Dann ist da noch ein Satz, den „Wenn wir uns nicht abheben, lassen wir’s“, formuliert Johannes Spachmüller den eigenen Anspruch an die Qualität, seiner Meinung nach ohnehin „das A und O“. Ingrid Bär outet sich als Fan der Haager Haselnüsse und schwärmt von den Röstaromen. Zugleich zieht sie den Hut vor dem unternehmerischen Mut, immer wieder Neues zu wagen und sich verbessern zu wollen. „Das ist ganz grundsätzlich eine Stärke unserer heimischen Landwirte“, stellt sie heraus.
Nicht umsonst sei der Landkreis Roth der mit den meisten Sonderkulturen. „Reiner Ackerbau ist hier schwierig, man muss schon genau auf die Flächen schauen, um herauszufinden, wo und wie ich Ertrag herbringen“, ergänzt Wolfgang Jank.
Fast 140 Betriebe sind in dem „echten Gemeinschaftswerk“ zu finden.

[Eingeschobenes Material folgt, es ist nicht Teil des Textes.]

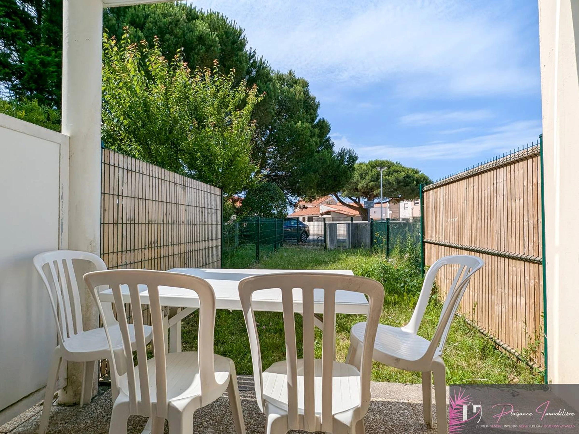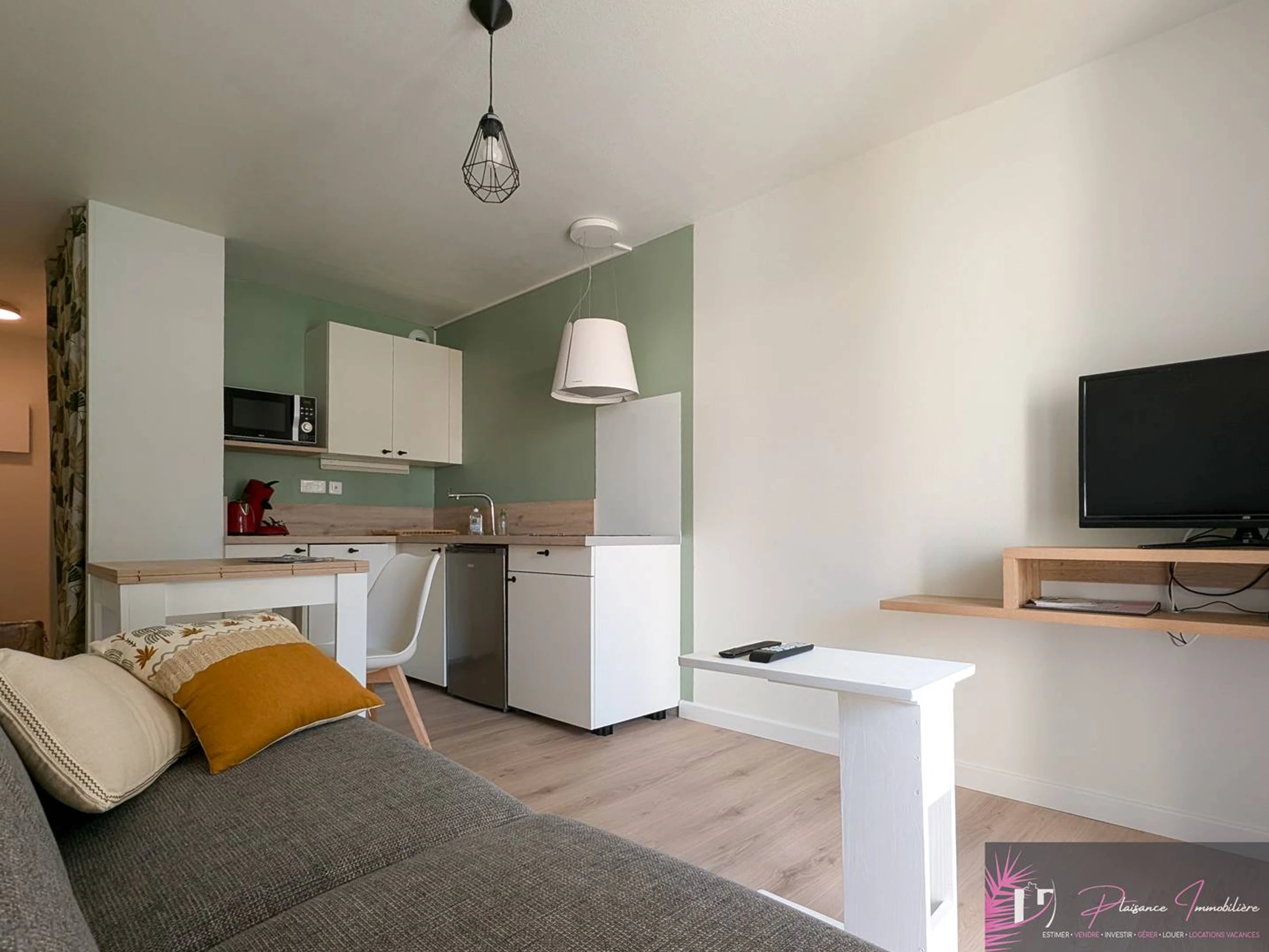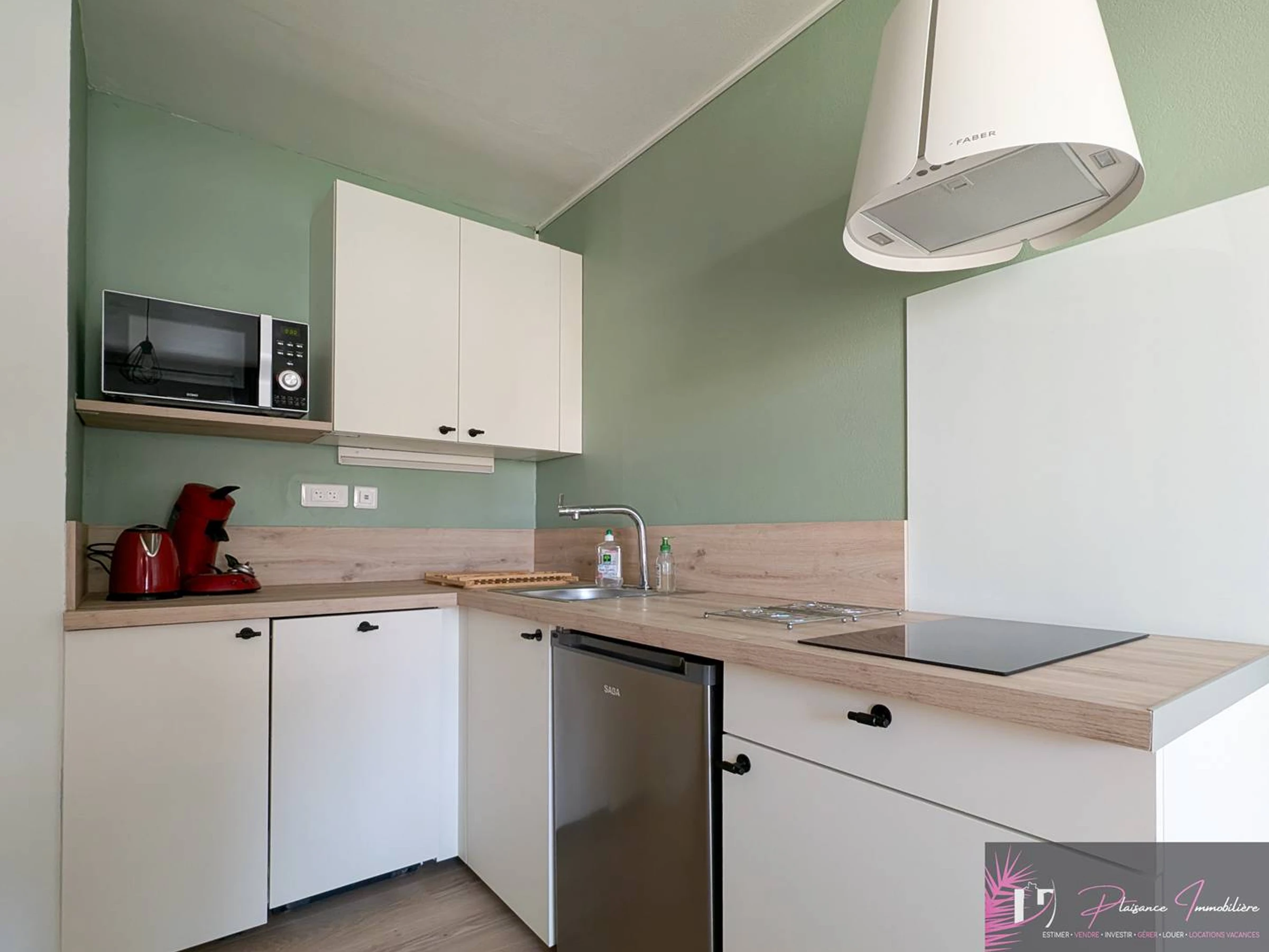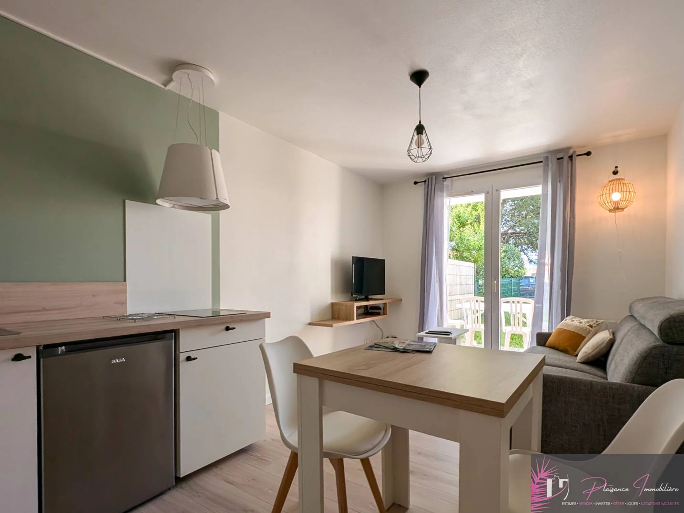 Very pleasant studio renovated and equipped for 2 people on the ground floor with pretty garden. Access to the swimming pool of the residence. Living room with a sofa bed, storage unit, TV, dining area. The kitchenette is equipped with 2 hotplates, a table top fridge and an electric oven. Shower room (walk-in shower and vanity unit). Separate toilets.

Das spiegele wider, dass in Sachen Regionalität und Unterstützung der heimischen Betriebe „alle“ an einem Strang ziehen. Peter Reiß weiß noch einen Grund, warum auch Schwabach und Roth so gut zusammengeht. „Viele unserer Bauern haben Flächen im Landkreis.“
Mit ihrem jüngsten Produkt scheint die Kreisentwicklung jedenfalls einen Nerv getroffen zu haben. Gerade einmal drei Wochen im Umlauf ist die Nachfrage sehr groß, berichtet Sachgebietsleiter Stefan Forster nicht ohne Stolz. Zu haben ist sie unter anderem bei den Gemeinden, den teilnehmenden Betrieben, zum Herunterladen und auf Nachfrage im Landratsamt.